Is it a fresh import? Is it feeding on rodents etc yet?


----------



## White_raven666 (Mar 20, 2007)

its captivebred from a german breeder. It came over from Hamm today.

Dont know if its eating yet beause its only just come over. 


the more intellegent thing would be to wait until shes eating at the shop before I get her.


----------



## RepsAndPhibs (Sep 10, 2009)

You've basically said all there is to looking after them just keep them in a 10 gallon with substrate that they can dig in and they don't really like lots of light so have plenty of hides and a large but shallow water bowl, keep them at 80F and that should be it, and obviously feed them.
I wouldn't see any problem in keeping one go for it and good luck.


----------



## White_raven666 (Mar 20, 2007)

They seem pretty simple to keep bless them. This frog is truly amazing, flawless!! other thing in concerned about it that sometimes I watch movies and play music in my bedroom (which is where I keep all my reps too). Would this noise stress the froggie out. Im a little nervous about getting this type of frog after my friend has had such bad luck.


----------



## RepsAndPhibs (Sep 10, 2009)

i keep all my animals in my room to where i also play music and watch films and have tv on a lot but as long you don't go too loud and stay at a decent volume they will be ok mine are fine and i have had them for a year.
And don't be that worried about looking after them you wont find out you can do it unless you do it.


----------



## White_raven666 (Mar 20, 2007)

Thankyou repsandphibs

As long as I go by the books I should be ok. If I get her itll probably be within the week so ill post up piccys. All the photos ive seen on the net are of brownish red ones but this girls bright green nd the black striping on her back is almost tribal.

What phibs do you keep?


----------



## RepsAndPhibs (Sep 10, 2009)

Ok best of luck with the new frog and will keep an eye out for your pics.
And at the moment i have albino horned frogs, fire bellied toads, whites tree frogs, paddle tail newts, hong kong warty newts, axolotls and red eye tree frogs


----------



## White_raven666 (Mar 20, 2007)

YAY i got friend request from you. 

Cool whoop whoop for whites tree frogs. I love my 4 to death!! Daffy,Ducky,Willow and Coco are my 4 and god i love red eyes too.

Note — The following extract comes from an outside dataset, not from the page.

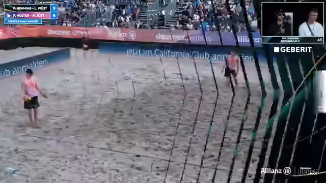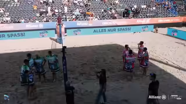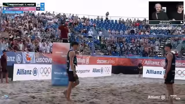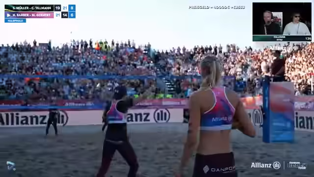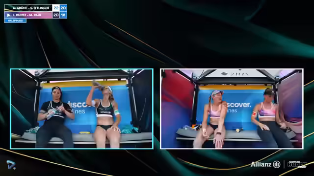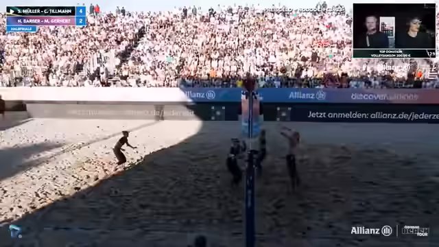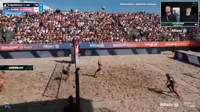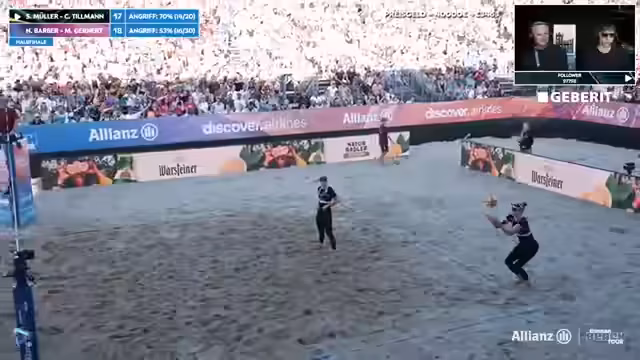 07:37:18Der Live-Stream beginnt mit der Vorstellung der Halbfinalpaarung zwischen den Top-Teams Sinja/Svenja und Barber/Gernhart. Die Kommentatoren heben die historische Dimension hervor und jagen den beiden Teams den Rekord für vier Titel in Folge. Schiedsrichter Lea Becker und Stefan Müller werden für dieses wichtige Spiel vorgestellt. Die Stimmung im Allianz-Ultra-Park wird als intensiv und präsent beschrieben, mit einer klaren Mehrheit für die Fan-Favorites Barber/Gernhart.

Im gunna get the shop to hold her and pick her up next week, that gives me time to set up a tank and gather as much knowledge as i can on her. Ive got 3 horned frog books to read through. Also the same shop is selling a baby captivebred Bibrons gecko too which is soooo tempting but horned frog comes first.


----------



## RepsAndPhibs (Sep 10, 2009)

Lol and its the first friend request i sent out lol so feel privileged 
And i can never beat temptation i fail really bad at that lol if i see something i like before i know it i am at the till or on the phone.


----------



## connor 1213 (Apr 6, 2009)

hey kelly

i would say all horned frogs need someone that knows what they r doing









so you wont have a problem
but if i have read the thread properly you r importing from germany which is rather risky for any amphibian


----------



## White_raven666 (Mar 20, 2007)

> Lol and its the first friend request i sent out lol so feel privileged
> And i can never beat temptation i fail really bad at that lol if i see something i like before i know it i am at the till or on the phone.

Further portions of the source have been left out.